Saeed Ajmal bowls Getty Images

Ten years ago this month, Saeed Ajmal was banned from bowling after the ICC found his action to be illegal. Concern initially had centred around his doosra, though in the Galle Test in which Ajmal was first reported, umpires thought both his offbreak and doosra were suspect. In all they reported approximately 30 deliveries. Testing at an ICC lab two weeks later confirmed their suspicions: every single one of the 37 deliveries Ajmal bowled was delivered with an elbow extension that far exceeded the 15-degree limit.

At the time Ajmal was not alone to be called, but he was the most high-profile. The ICC had tightened testing protocols, as well as its resolve. It had empowered umpires to report actions they thought were suspect, with the new process-driven approach taking the stigma and heat - for both umpire and bowler - out of the equation. These weren't ch***kers endangering the moral fabric of the game anymore. They were athletes with faulty actions that could be rehabilitated. Between June and December that year, umpires reported eight bowlers, six of whom were banned from bowling. Ajmal returned the following year but was not remotely the same. Three ineffective ODIs with a new roundarm action later and he was done.

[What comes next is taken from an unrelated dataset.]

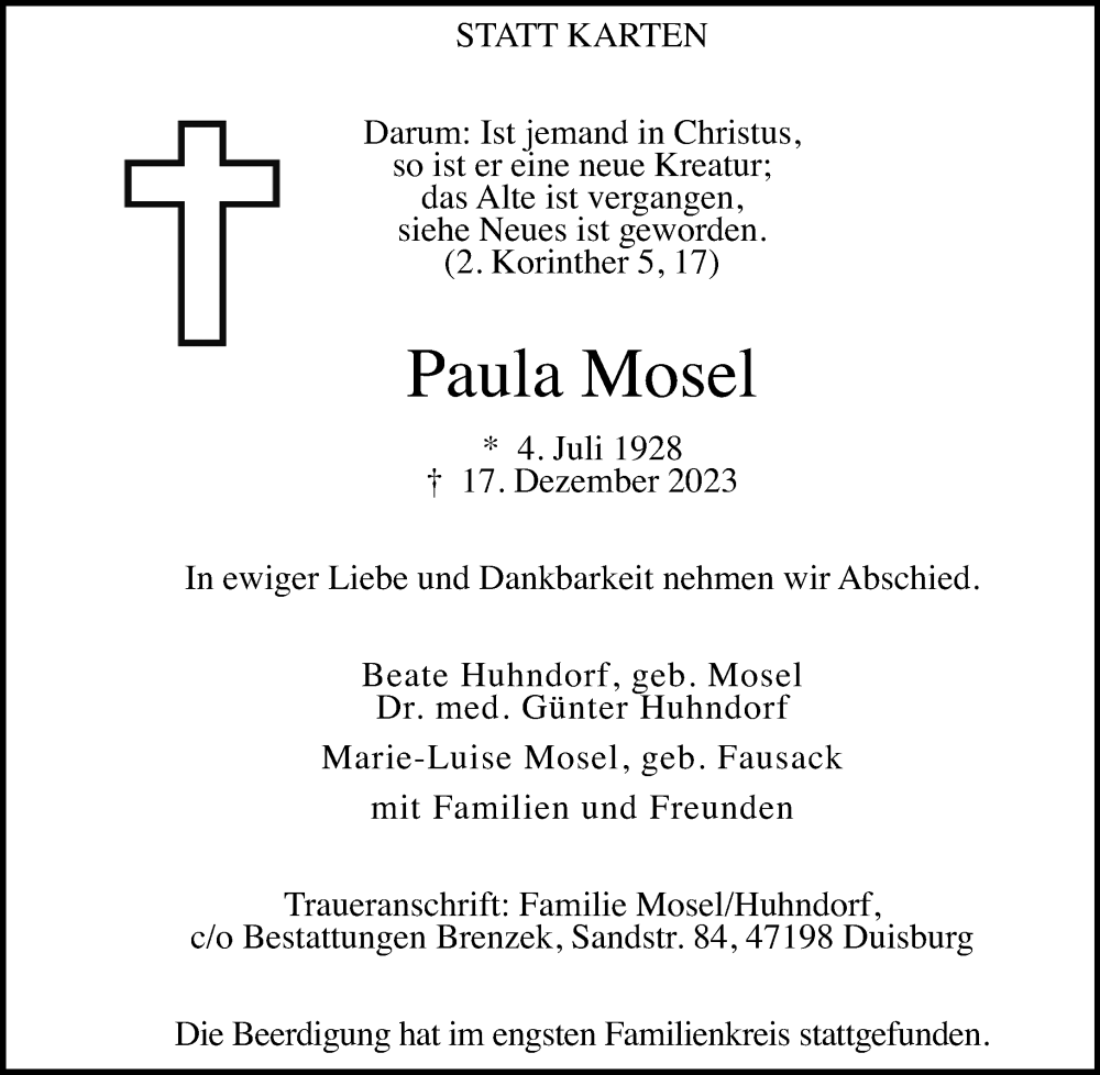 Hier finden Sie alle Traueranzeigen aus der Zeitung, die bisher für Paula Mosel erschienen sind. Weitere Traueranzeigen, die in der Zeitung erscheinen, werden hier ebenfalls aufgelistet

With him, so too was the doosra. In their 2021 book Hitting Against the Spin, Nathan Leamon and Ben Jones found that post-2015 the percentage of balls turning away bowled by an offspinner had all but halved (those that did move away, they concluded, were mostly carrom balls). And the doosra being so critical to the offspinner by then, it was natural to conclude the entire breed's time was also done. Batting was taking an expansive leap forward, the mind had been freed and the body shaped for power-hitting. More than ever, bowlers needed multiple weapons at their disposal. This was completely the wrong time to have one taken away.

A decade since, in the age of Nathan Lyon and R Ashwin, one could argue those fears were overwrought. Both have shown, in contrasting ways, how rich and resilient and essential offspin remains, and how much about it we still don't know. Ashwin, in particular, reminds not so much of another bowler as of Ramanujan, or any early Indian math genius, exploring and advancing his discipline in ways the world never thought of. Lyon, meanwhile, has proved that offspin can thrive in Australia, a country in which is perfectly distilled the game-wide indifference to offspin. He's now just 60 wickets short of the most number of wickets taken by an Australian spinner at home (Clue: no.1 wasn't an offspinner).

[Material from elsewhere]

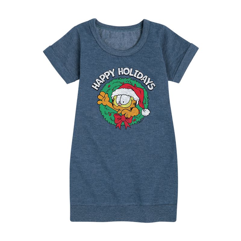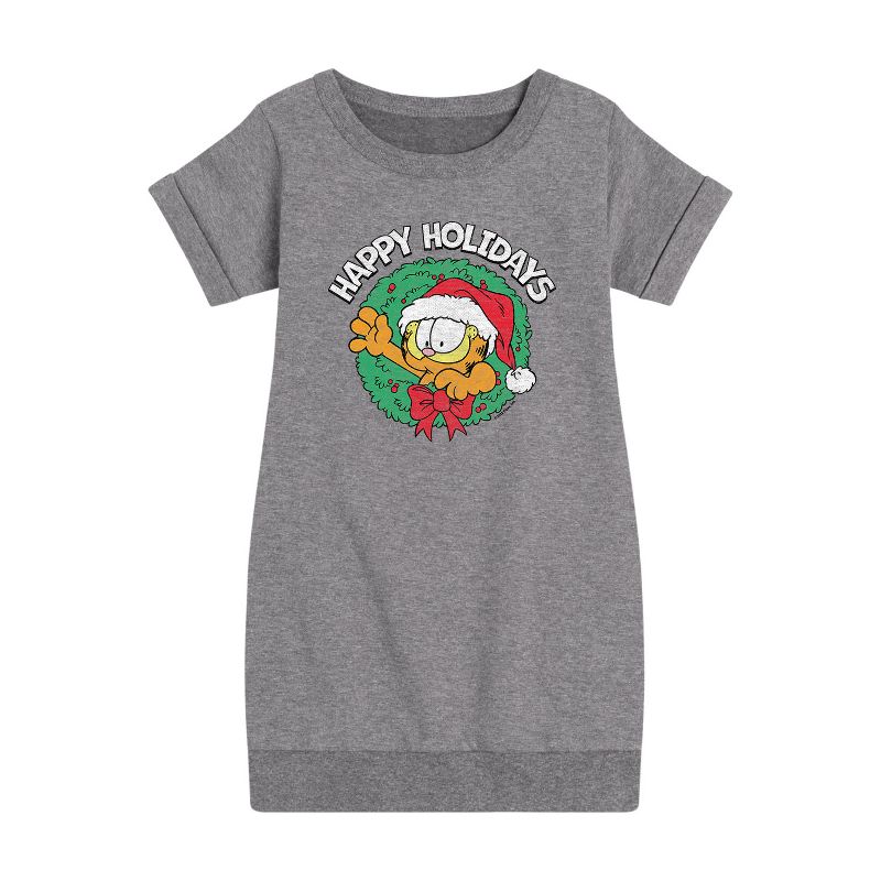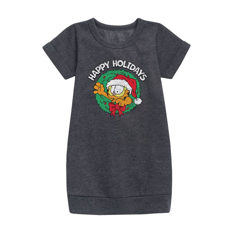 فستان غارفيلد الصوفي - إكليل أعياد سعيد - للفتيات الصغيرات والشابات - أضفِ لمسةً من الفكاهة والكسل إلى خزانة ملابسك مع ملابس غارفيلد الجرافيكية. تتميز هذه التصاميم بشخصيات غارفيلد وأودي وجون، وتحتفل بالقصص المصورة الشهيرة وشخصياتها المحبوبة.

Yet look beyond the pair and er… there's Moeen Ali at number three on the list of highest wicket-taking offspinners (since 2015), and umm, Roston Chase at six and oh really, Joe Root at seven? This is not a list so much as quirky trivia for a quiz (ten points if you guessed that Shoaib Bashir, who debuted literally yesterday, is already 15th on this list).

In stark contrast, check the list for the decade until 2015: Muthiah Muralidaran, Graeme Swann, Harbhajan Singh, Ajmal and then Lyon and Ashwin. Shane Shillingford, who took over 500 first-class wickets, is eighth; Jeetan Patel at tenth took just under 900 first-class wickets. This is serious pedigree. The doosra was a weapon for four of that top ten. All four faced issues with their action.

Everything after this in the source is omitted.